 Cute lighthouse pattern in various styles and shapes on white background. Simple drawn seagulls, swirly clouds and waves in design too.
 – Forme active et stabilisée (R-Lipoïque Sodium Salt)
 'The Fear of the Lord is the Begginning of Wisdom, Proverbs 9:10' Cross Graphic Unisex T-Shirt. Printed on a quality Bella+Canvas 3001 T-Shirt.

* * *

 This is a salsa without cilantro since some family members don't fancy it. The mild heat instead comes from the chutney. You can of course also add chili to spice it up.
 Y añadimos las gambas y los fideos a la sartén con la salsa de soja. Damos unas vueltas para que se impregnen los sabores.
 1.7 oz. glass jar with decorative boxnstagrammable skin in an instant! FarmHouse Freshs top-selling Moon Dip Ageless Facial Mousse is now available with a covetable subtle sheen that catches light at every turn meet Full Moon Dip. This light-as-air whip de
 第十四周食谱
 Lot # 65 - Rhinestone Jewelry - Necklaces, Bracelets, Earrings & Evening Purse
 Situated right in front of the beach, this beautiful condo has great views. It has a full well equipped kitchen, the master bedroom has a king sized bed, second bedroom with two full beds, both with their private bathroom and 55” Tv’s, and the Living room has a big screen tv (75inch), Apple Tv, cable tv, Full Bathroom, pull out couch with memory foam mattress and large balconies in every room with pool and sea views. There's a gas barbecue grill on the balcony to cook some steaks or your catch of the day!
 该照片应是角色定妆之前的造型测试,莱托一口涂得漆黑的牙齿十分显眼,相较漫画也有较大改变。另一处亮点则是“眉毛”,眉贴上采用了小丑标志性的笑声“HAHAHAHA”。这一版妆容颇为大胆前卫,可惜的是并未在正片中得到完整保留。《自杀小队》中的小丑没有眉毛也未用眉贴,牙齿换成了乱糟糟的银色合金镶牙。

--- INSTRUCTIONS TO FOLLOW ---
Taking the entries above, write out exactly the lines starting with the line containing "(R-Lipoïque Sodium Salt)" and going on through the line containing "Bella+Canvas 3001 T-Shirt.", both included, and nothing else.

--- EXPECTED ANSWER ---
 – Forme active et stabilisée (R-Lipoïque Sodium Salt)
 'The Fear of the Lord is the Begginning of Wisdom, Proverbs 9:10' Cross Graphic Unisex T-Shirt. Printed on a quality Bella+Canvas 3001 T-Shirt.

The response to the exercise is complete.